Jurisdiction and Zoning

I.          What jurisdiction means

A.      Personal jurisdiction.  Being brought under the power of a sovereign.

B.      Venue.  Convenience of the parties.

C.     Enforcement.  How to get law enforced, how to reach offenders.

·     Enforcement of another country’s judgements.

D.     Choice of law.  Which substantive law is fairest to apply.

1.       Lots of countries have laws that apply to the same question.

II.       Some examples

A.      Yahoo-France.  French law prohibits Nazi memorabilia.  Perhaps use software code to make French users get different content than others.  Expert panel investigated whether this would be possible, accurate.  Panel says the system would work well enough for “the middle 80%” (though not for experts).  Court orders Yahoo to use such tech.

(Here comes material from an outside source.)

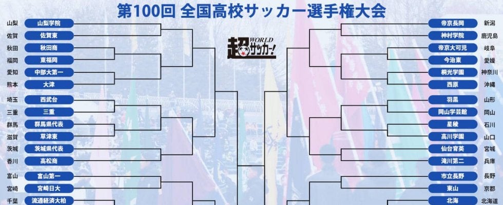 記念すべき第100回全国高校サッカー選手権大会の組み合わせ抽選会が15日に開催。対戦カードが決定した。 出場校が決定して…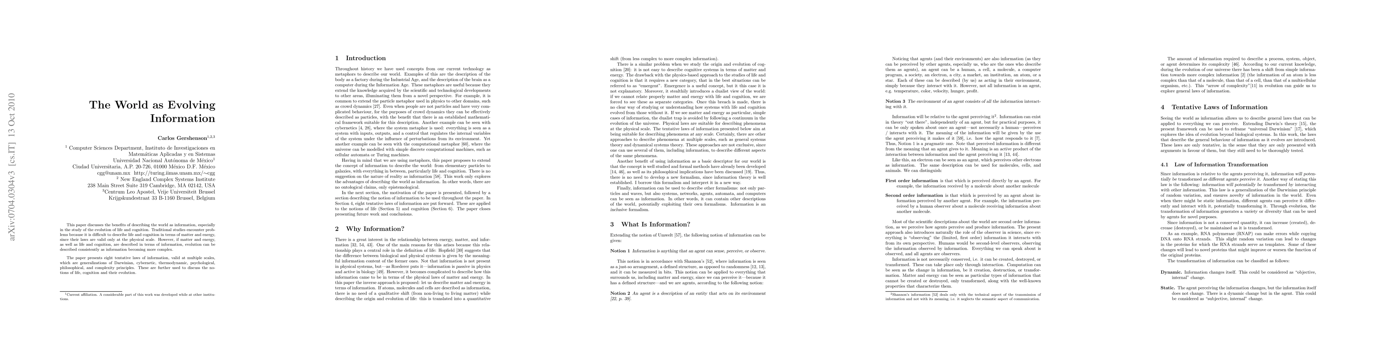 This paper discusses the benefits of describing the world as information, especially in the study of the evolution of life and cognition. Traditional studies encounter problems because it is difficult to describe life and cognition in terms of matter and energy, since their laws are valid only at the physical scale. However, if matter and energy, as well as life and cognition, are described in terms of information, evolution can be described consistently as information becoming more complex. The paper presents eight tentative laws of information, valid at multiple scales, which are generalizations of Darwinian, cybernetic, thermodynamic, psychological, philosophical, and complexity principles. These are further used to discuss the notions of life, cognition and their evolution.

B.      Compuserve Germany accused of distributing child porn to Germans.

C.     iCraveTV.  Canada law perhaps permits retransmission.  US law definitely does not.

D.     Pending case in Germany.  How Germany can deal with content hosted in the US.

III.    Zoning

A.      Possible new Internet feature: Be able to credibly tell a site a particular characteristic of who you are.  Precise authentication.  Automatic.

1.       Might produce a world that is increasingly zoned.  Every country wants to authenticate something (though different countries want to authenticate different characteristics). 

2.       Result: In the future (and sometimes right now), different users may see different content at a given URL.  Sometimes the differences will be of the sort that matter (not just “the nearest pizza”).

·     Possible lack of transparency (who’s doing zoning, why, etc.) as this emerges.

B.      Gradual reduction in geographic differences in copyright law.  Treaty, foreign aid used to standardize law.

C.     Check-a-box jurisdiction.  Suppose content providers had easy ability to affirmatively decide which jurisdictions to distribute their content to?  What would they choose?  Firms might exclude users from small countries just to avoid those countries’ jurisdiction.

 

IV.   Porn

A.      Proposals

1.       L: Tell suppliers of porn not to give it to kids.

·     Tag on site (invisible, META tag).  Self-labeling.  Hope browser companies watch these tags and optionally deny access on this basis.  One rating – “harmful to minors” or not.  US Congress: penalty for failing to properly rate content that’s in fact harmful to minors.

-   Problems: What’s harmful to minors?  Asking content providers to self-rate.

-   Jurisdictional problems: 1) Content providers will tend to rely on the most restrictive statute of all states.  (Understandable b/c USG does forum shopping.)  2) “Buy an island” to thumb your nose at the regulation (but not a magic bullet because whole company has to move to the island).